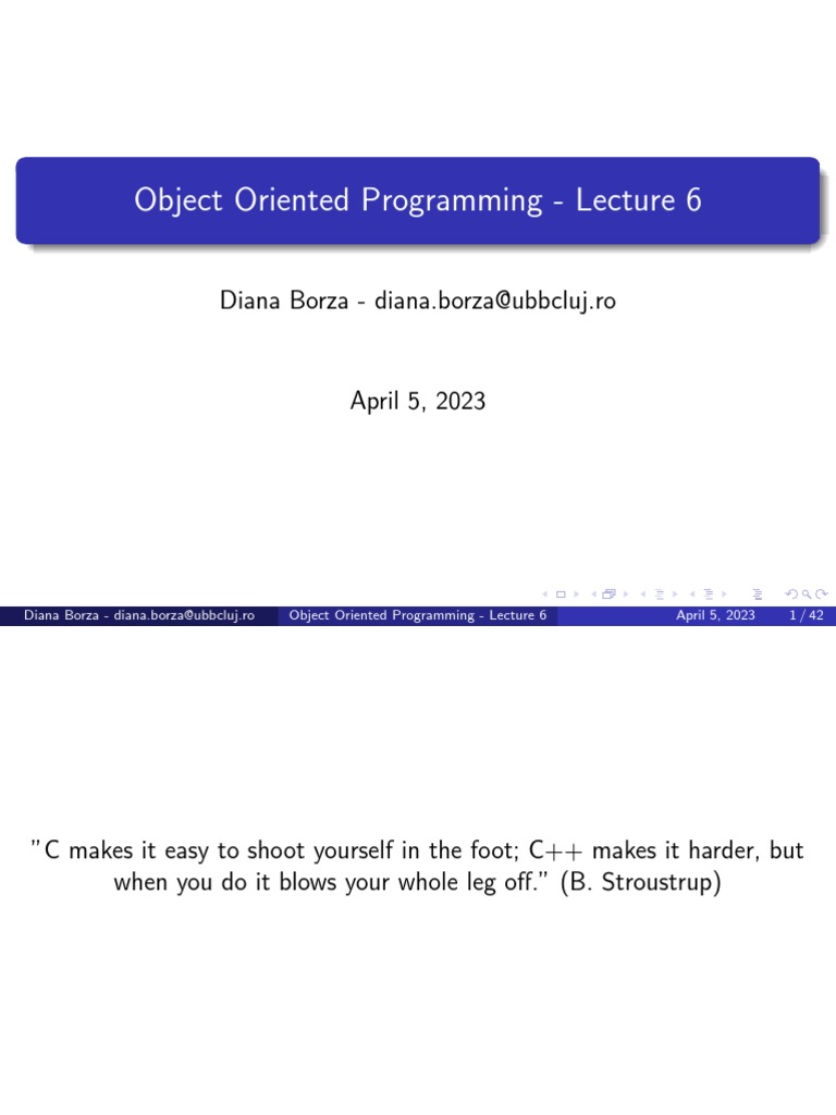 Diana Borza - diana.borza@ubbcluj.ro Object Oriented Programming - Lecture 6 April 5, 2023 1 / 42
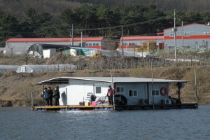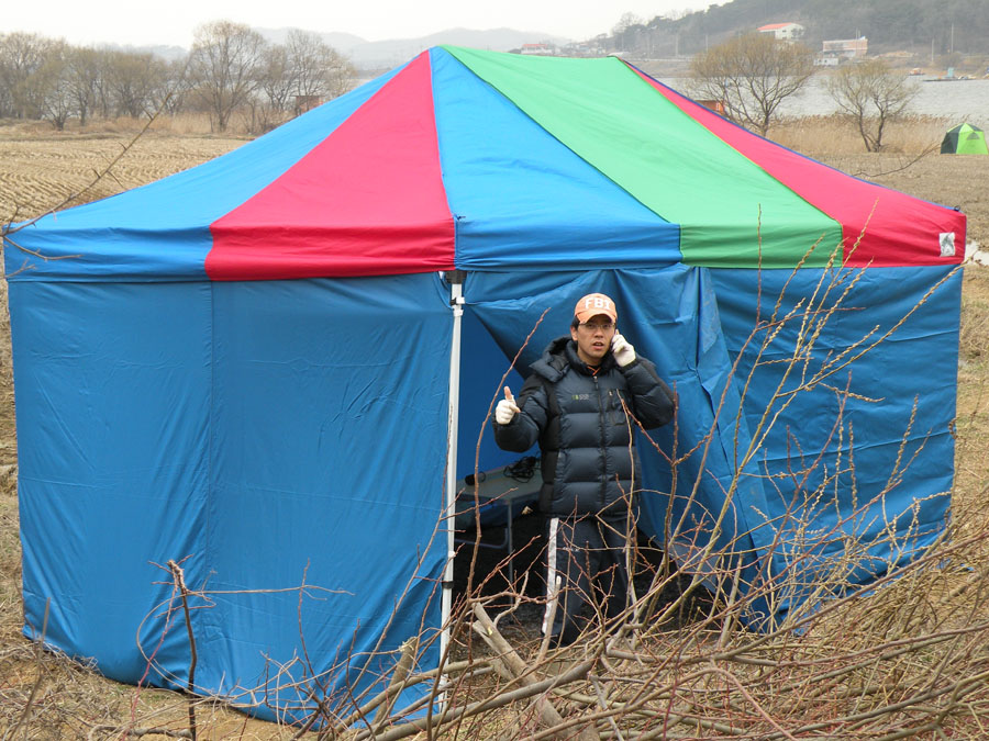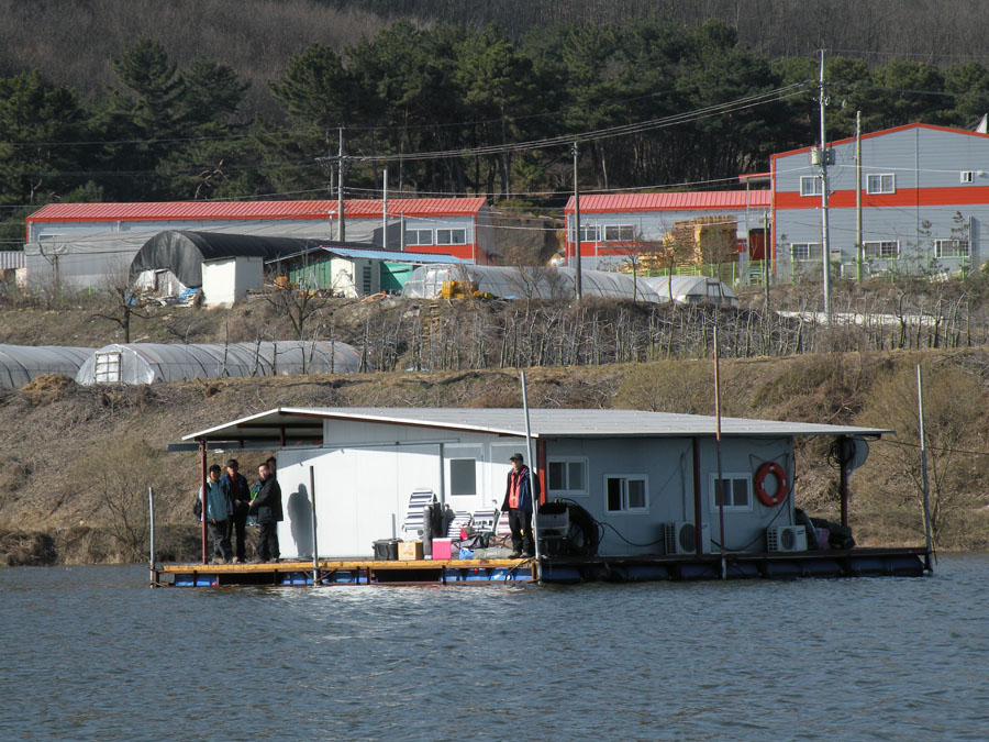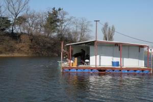 바람막이를 좌대에 설치해서 낚시가 편해졌어요. |
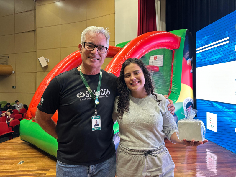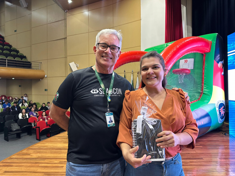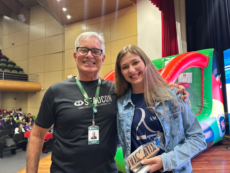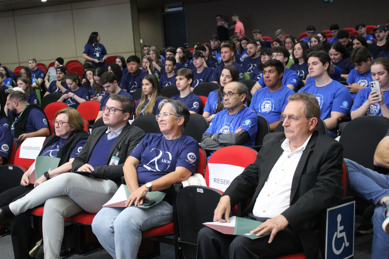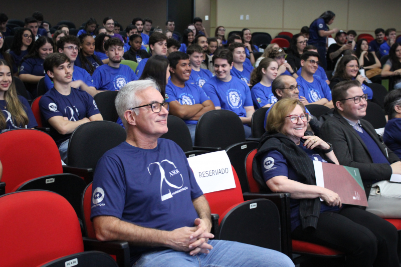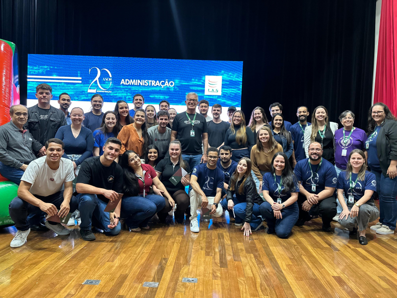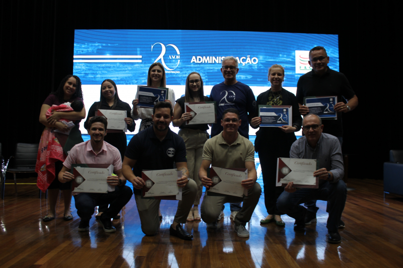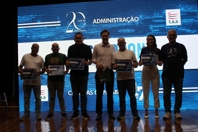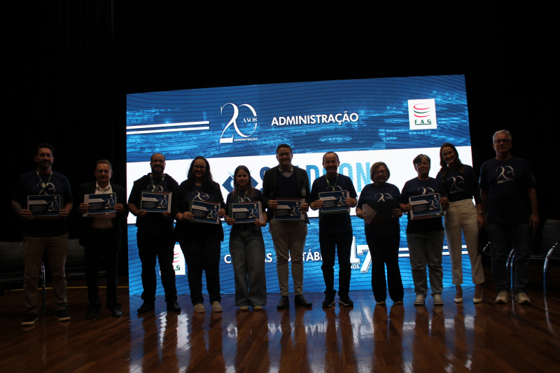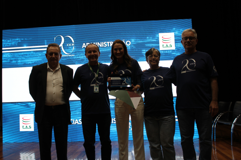 A abertura foi marcada por momentos de reconhecimento e emoção, com homenagens aos egressos que hoje atuam na FAG, aos professores e à pró-reitora de Ensino, Pesquisa, Extensão e Pós-Graduação, Aline Gurgacz Ferreira, em reconhecimento à sua contribuição para o fortalecimento e desenvolvimento do curso de Administração ao longo dos anos.
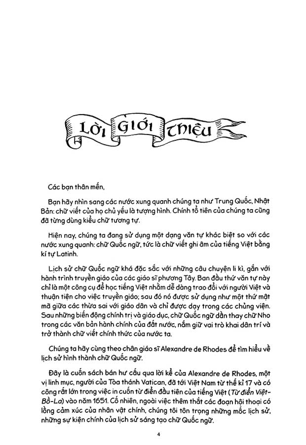 Người Việt gọi tôi là Cha Đắc Lộ - Hành trình sáng tạo chữ Quốc ngữ là cuốn tranh truyện bán hư cấu kể lại câu chuyện cuộc đời nhiều thăng trầm của giáo sĩ Đắc Lộ - Alexandre de Rhodes, một vị linh mục, người của Tòa thánh Vatican, đã tới Việt Nam từ thế kỉ 17 và có công rất lớn trong việc in cuốn từ điển đầu tiên của tiếng Việt (Từ điển Việt-Bồ-La) vào năm 1651.
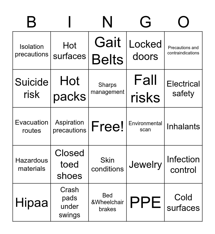 This bingo card has a free space and 24 words: Closed toed shoes, Crash pads under swings, Sharps management, Hipaa, Precautions and contraindications, Isolation precautions, Suicide risk, Hot surfaces, Environmental scan, Skin conditions, Fall risks, Evacuation routes, Jewelry, Infection control, Hot packs, PPE, Inhalants, Gait Belts, Electrical safety, Aspiration precautions, Cold surfaces, Hazardous materials, Locked doors and Bed &Wheelchair brakes.
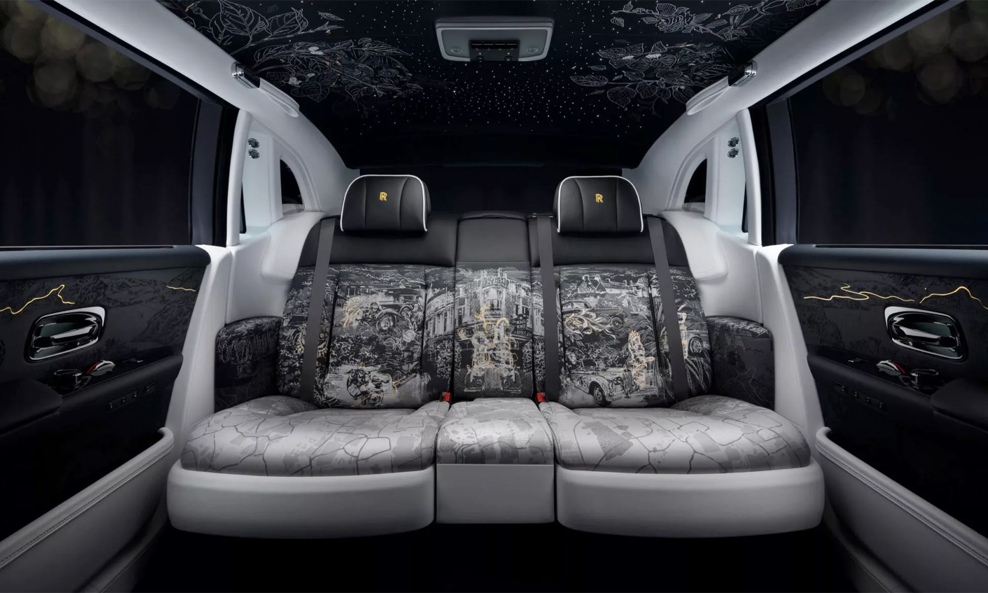 Nội thất của Phantom Centenary giống như bước ra từ truyện tranh, hàng ghế sau bọc vải in độc đáo, trong khi 160.000 mũi thêu được thêu dọc theo băng ghế sau. Hàng ghế trước bọc da khắc laser với nhiều hình vẽ hơn, với màu sắc chuyển dần từ trắng sang đen.

━━━━━━━━━━

Work to be completed: Images are to be omitted; repeat the remaining data above exactly.

Output of the exercise:
 Diana Borza - diana.borza@ubbcluj.ro Object Oriented Programming - Lecture 6 April 5, 2023 1 / 42
 바람막이를 좌대에 설치해서 낚시가 편해졌어요. |
 A abertura foi marcada por momentos de reconhecimento e emoção, com homenagens aos egressos que hoje atuam na FAG, aos professores e à pró-reitora de Ensino, Pesquisa, Extensão e Pós-Graduação, Aline Gurgacz Ferreira, em reconhecimento à sua contribuição para o fortalecimento e desenvolvimento do curso de Administração ao longo dos anos.
 Người Việt gọi tôi là Cha Đắc Lộ - Hành trình sáng tạo chữ Quốc ngữ là cuốn tranh truyện bán hư cấu kể lại câu chuyện cuộc đời nhiều thăng trầm của giáo sĩ Đắc Lộ - Alexandre de Rhodes, một vị linh mục, người của Tòa thánh Vatican, đã tới Việt Nam từ thế kỉ 17 và có công rất lớn trong việc in cuốn từ điển đầu tiên của tiếng Việt (Từ điển Việt-Bồ-La) vào năm 1651.
 This bingo card has a free space and 24 words: Closed toed shoes, Crash pads under swings, Sharps management, Hipaa, Precautions and contraindications, Isolation precautions, Suicide risk, Hot surfaces, Environmental scan, Skin conditions, Fall risks, Evacuation routes, Jewelry, Infection control, Hot packs, PPE, Inhalants, Gait Belts, Electrical safety, Aspiration precautions, Cold surfaces, Hazardous materials, Locked doors and Bed &Wheelchair brakes.
 Nội thất của Phantom Centenary giống như bước ra từ truyện tranh, hàng ghế sau bọc vải in độc đáo, trong khi 160.000 mũi thêu được thêu dọc theo băng ghế sau. Hàng ghế trước bọc da khắc laser với nhiều hình vẽ hơn, với màu sắc chuyển dần từ trắng sang đen.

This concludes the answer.